Fashion Week is both an escape from the recession and a reminder of it: it’s somehow exciting to see designers roll out the Bergdorf bait as though there are still people who can afford $8,000 dresses. Wait, there are still people who can afford them—just not anyone we know. (That’s the reminder part.)
But as we all know around here, fabulosity can still be within reach even if your dress budget is just $8. This we confirmed during a boutique crawl of Williamsburg—yes, on Fashion’s Night Out—where we asked some glammy gals for their advice on staying chic in tough times.
Sofia Hedstrӧm, 28, fashion correspondent (above)
At Bird’s carnival-themed event, we spot a vision in crème—from her blonde hair to her platinum boots—Sofia is the eye-catching type, as subtle yet sparkling as her flapperesque sequined sweater-dress under a monochrome jacket. A fashion correspondent and Williamsburg transplant from Sweden, Sofia devotes her time to chasing the latest trends—even though she hasn’t been shopping in over a year. “I only buy what I’m going to want to wear in 10 years,” she says, “it’s all about the commitment you’re making to a piece.” [Never settle—strange how fashion and dating advice echo each other.] Sofia is proof of the long-lasting happiness that can come from a good match—just look at how many sequins have fallen off her sexy beige number, $15 at a thrift store.
Jessica Soga, 24, stylist
At Charlie and Sam‘s free wine and cheese table, we overheard someone recommending Duane Reade as a place to shop. “After a few wears, they turn out the same,” we heard, referring to the futility of expensive stockings vs. the drugstore alternative. Intrigued, we turned to find Jessica, who impressed us with her simple, classic style—especially her ivory top trimmed with full-length fringe. “Sale. Sale. Necklace at a yard sale. Sale,” says the 24-year-old fashion and photography stylist, gesturing to her outfit, piece by piece.
She lauds the economic downturn as a boon for bargain-minded shoppers. “Everywhere is trying to get rid of stuff,” she says, describing the neighborhood as a haven of clearances and going-out-of-business sales. When Otte closed its Brooklyn branch, she scored a $600 vest from super-hot Alexander Wang—for 80 bucks.
Caroline Geys, 29, painter
Dipping her brush into her paints as we talk, Caroline was wearing a selectively daring palette: cyan stockings with a fire-engine-red belt on her filmy black dress. The Miami girl arrived in Brooklyn only for the evening, which she spent putting her designs on tights, the rainbow-colored pile of finished pieces slowly growing. She buys them all from welovecolors, a 12-employee company that offers simple styles in every hue. “They’ve really hit on the formula for color,” she says, “and tights are only $12.”

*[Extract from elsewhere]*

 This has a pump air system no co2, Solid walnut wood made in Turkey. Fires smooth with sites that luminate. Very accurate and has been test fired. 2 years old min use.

Another thriftorian, Caroline says her belt wasn’t necessarily her best find ($2). That was a pair of knee-high, black pleather boots for $5. Long-lasting shoes are a staple, but Caroline will scrimp on anything from mascara to dresses, but not her food (it’s organic).
Adrienne Pratt, 26, fashion assistant
We enter the last shop of the night [Jumelle], and find ourselves in a gallery where many people wore simple pieces with little else. Adrienne wove through the crowd in a studded vest, two Oxford tops with skinny jeans and heels. We should have guessed that she worked there. She’s the assistant—not a high-roller—so she knows mixing up a few choice pieces is the key to a seemingly endless wardrobe.

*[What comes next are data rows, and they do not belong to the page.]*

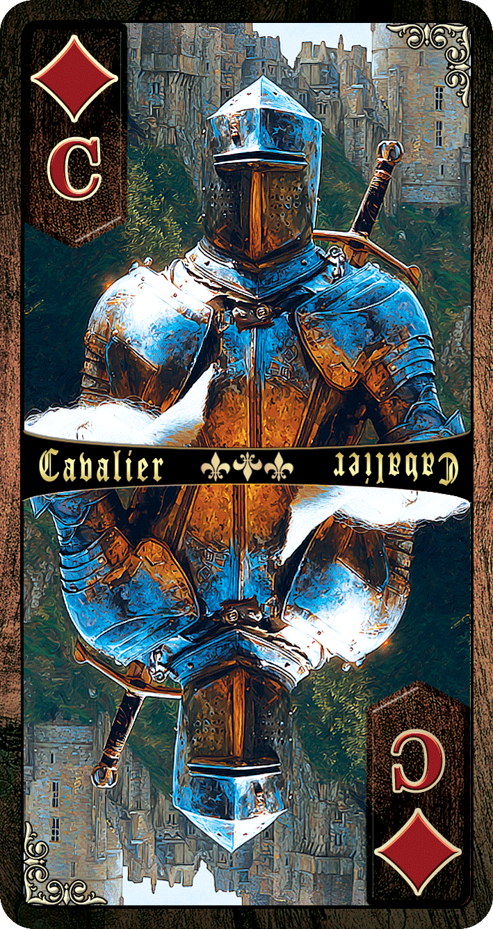 Joueur de tarot français depuis près de 30 ans, j’imaginais créer un jeu de tarot personnalisé avec comme thème l’époque médiévale, car j’ai toujours aimé les histoires de rois et de chevaliers. Je me suis enfin décidé au printemps 2023 à me lancer dans cette aventure. Plusieurs prototypes se sont succédé et ont été testés en situation de jeu avant d’arriver au produit final que vous voyez aujourd’hui.
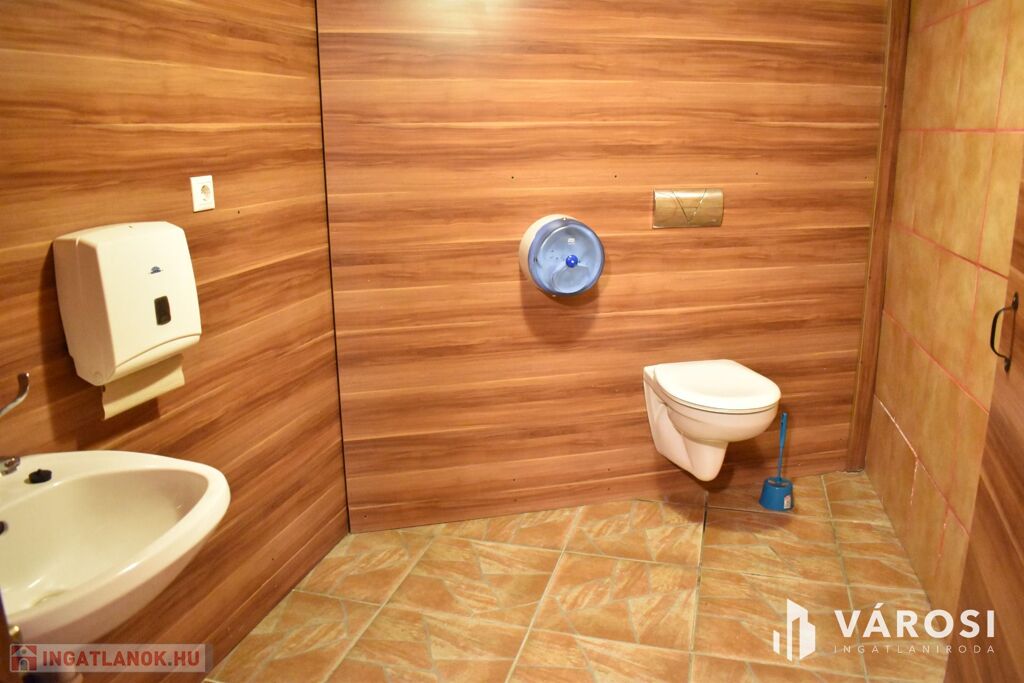 Az ingatlan földszinti részén lett kialakítva egy hangulatos és minden igényt kielégítő bárpult, egy éttermi vendéglátó rész, amely a kialakított szintén hangulatos galéria résszel közel 200 fő befogadásra alkalmas. A galéria rész ebből 104 fő befogadásra alkalmas, ahol a kialakításának köszönhetően zártkörű rendezvények lebonyolítására is tökéletesen alkalmas. A vendéglátó részen a közelmúltban lettek felújítva a vizesblokk (mosdó, WC) helységek is, amelyből 3 db. található az éttermi részen (férfi, női és mozgáskorlátozott). A vendéglátó egységhez tartozik egy hatalmas és modern eszközökkel felszerelt konyha, amely több részből áll, itt lett kialakítva egy pizza készítő, melegkonyha, előkészítő, mosogató, illetve több hűtő, raktár és mosdó helység is. A fűtésről 3 db gázkazán lapradiátorokkal, padlófűtéssel, a hűtésről klímaberendezések gondoskodnak. A vendéglátó részen az elektromos hálózat is korszerű, itt 3 x 72 A és ipari áram található.
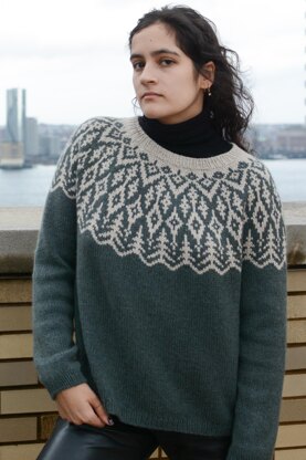 Fraser Fir is a top down, yoked pullover. The yoke is worked in stranded colorwork with tree and diamond motifs. The yarn used for the sample is delightfully soft, mYak Baby Yak Medium.
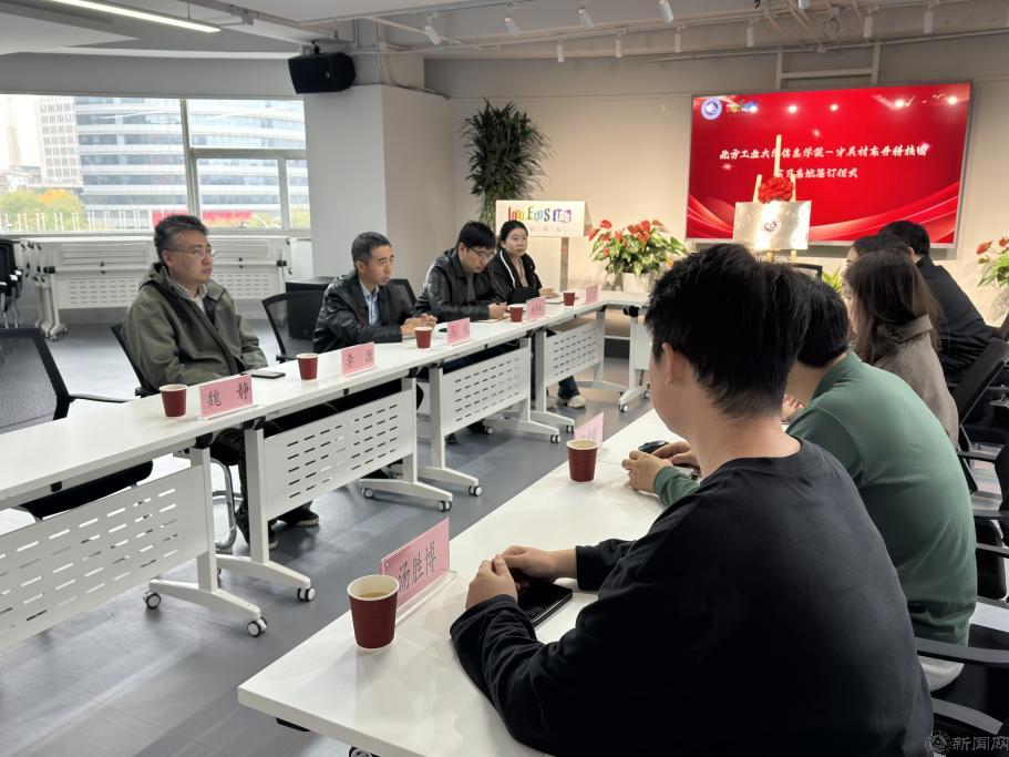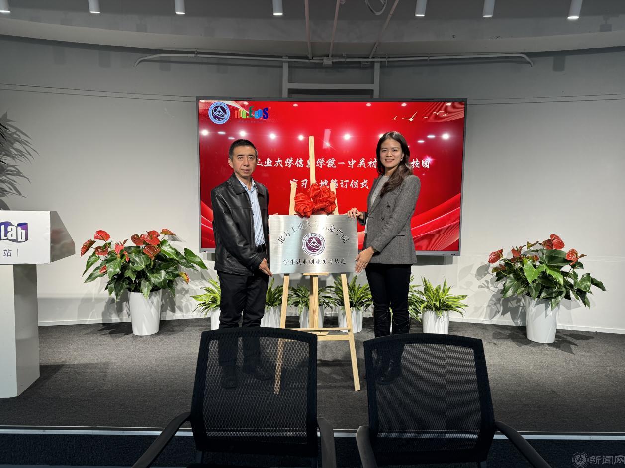 为了加强校企合作,深化产教融合,推动校企协同发展。11月11日,信息学院与中关村东升科技园达成学生就业创业实习研究基地合作协议,并在北京市海淀区中关村东升科技园举行了揭牌仪式。信息学院院长马礼、计算机系主任李源、人工智能系主任赵卓峰、辅导员魏静、田庆玥受邀参加活动。东升大厦i站科创服务总经理刘雨晨、产业孵化总经理姚斌等园区领导、北京超智能科科技有限公司负责人杨建刚参加签约揭牌仪式。

“If you love everything you’ve got,” she says, “it’s so much easier to match.” She recommends adding a steady rotation of Hanes white crewneck T-shirts as a low-investment must-have. “They’re all you need,” she says, before launching into an excited rave, listing almost every outfit as a potential beneficiary for a simple, white T- under fancy tops or throw-on sweaters, whether it’s the sole shirt or just an element.
Joanna Baum, 35, designer
We found Joanna at her show at the Bedford Avenue incarnation of Sir, Jessica’s boutique that’s been sparkling on Atlantic Avenue since 2002. She’s a Brooklyn classic—as is the dress she’s wearing. Joanna stresses timelessness, favoring style that transcend trends. At a half-dozen stores on both coasts, she sells seasonal collections and along with perennials like her simple silk dresses that ooze glamour, for less than $500 (if only we had the cash…).
Jessica had yards of glittering advice for us: strings of rhinestones, chains, and beads. Paired with a versatile dress, she sees necklaces as this season’s go-to: drape them, knot them, layer them. The cheapest item in her own outfit was her neckwear, mostly just lengths of rhinestones she picked up for $10 at a jewelry supply store and threw on. “I wanted to make something out of it, I just didn’t have time.” Proof you don’t have to be excessively crafty to be stylish—even if you can crank a Singer like Joanna.